SU-LYN: We have also been travelling quite a bit together to scout for overseas locations and I really enjoy travelling with him. I didn’t expect him to be so good at navigating the streets. I was pleasantly surprised that he could read a map too.

The Army teaches you that.

SU-LYN: Yeah! After his naughty streak, he did confess to me later that National Service made him a better man.

On the topic of eating, who eats more?

YIMING: Her. She even taught me how to eat sambal belacan.

SU-LYN: I’m very adventurous when it comes to food.

What does family time look like?

YIMING: Going over to people’s houses… being surrounded by a lot of kids… it’s very chaotic… and eating together.
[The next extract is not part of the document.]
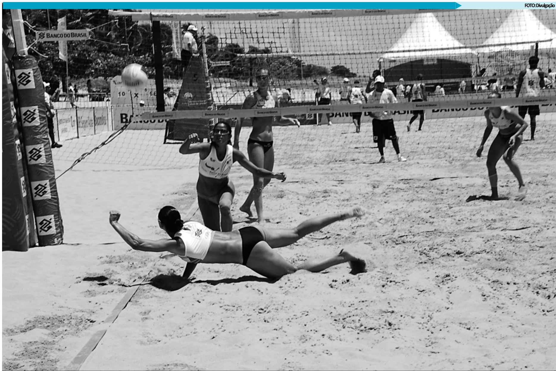
Lances de muita emoção devem marcar mais uma etapa do Circuito Nacional de Vôlei de Praia nas categorias feminino e masculino. As disputas na orla da Capital vão até o próximo domingo

SU-LYN: I think being involved in the restaurant business together has funnily enough given me a relationship with him that suits me well. Talking, arguing or telling him how I feel about something he did and vice versa… it’s all part of family time. I don’t need to hang out and watch a movie with him.
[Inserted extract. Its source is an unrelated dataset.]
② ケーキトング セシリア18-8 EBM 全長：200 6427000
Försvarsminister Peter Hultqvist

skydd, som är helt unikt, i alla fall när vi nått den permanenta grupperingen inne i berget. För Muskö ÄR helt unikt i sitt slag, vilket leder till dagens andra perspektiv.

YIMING: Yeah, that’s true.

SU-LYN: I have a huge amount of love for him even though it isn’t lovey-dovey. It’s partly protective, partly nurturing and being a voice of reason for him because our parents were divorced when we were young. To be able to be in his life as business partners is more than I could ask for.

When were you most proud of him?

SU-LYN: When he gave a speech at my wedding. Back then, he was a man of few words, but I still asked him to give one since he was my brother. I had no expectations as I’ve never heard him speak publicly before. When it was his turn, he blew everybody away. Even my friends who knew him since he was a baby were so proud of him because they had no idea that he could speak so well! It was funny, witty, on point… we didn’t even know that he had a sense of humour! Everyone was so shocked. I think he has a hidden talent for public speaking, which I don’t have [laughs].

What do you love the most about her? And why?

YIMING: I love that she has always been very real with me. I didn’t have a very close relationship with my parents where I could tell them what’s going on in my life. If I wanted a real opinion, I would go to her—I know she has the best intentions for me.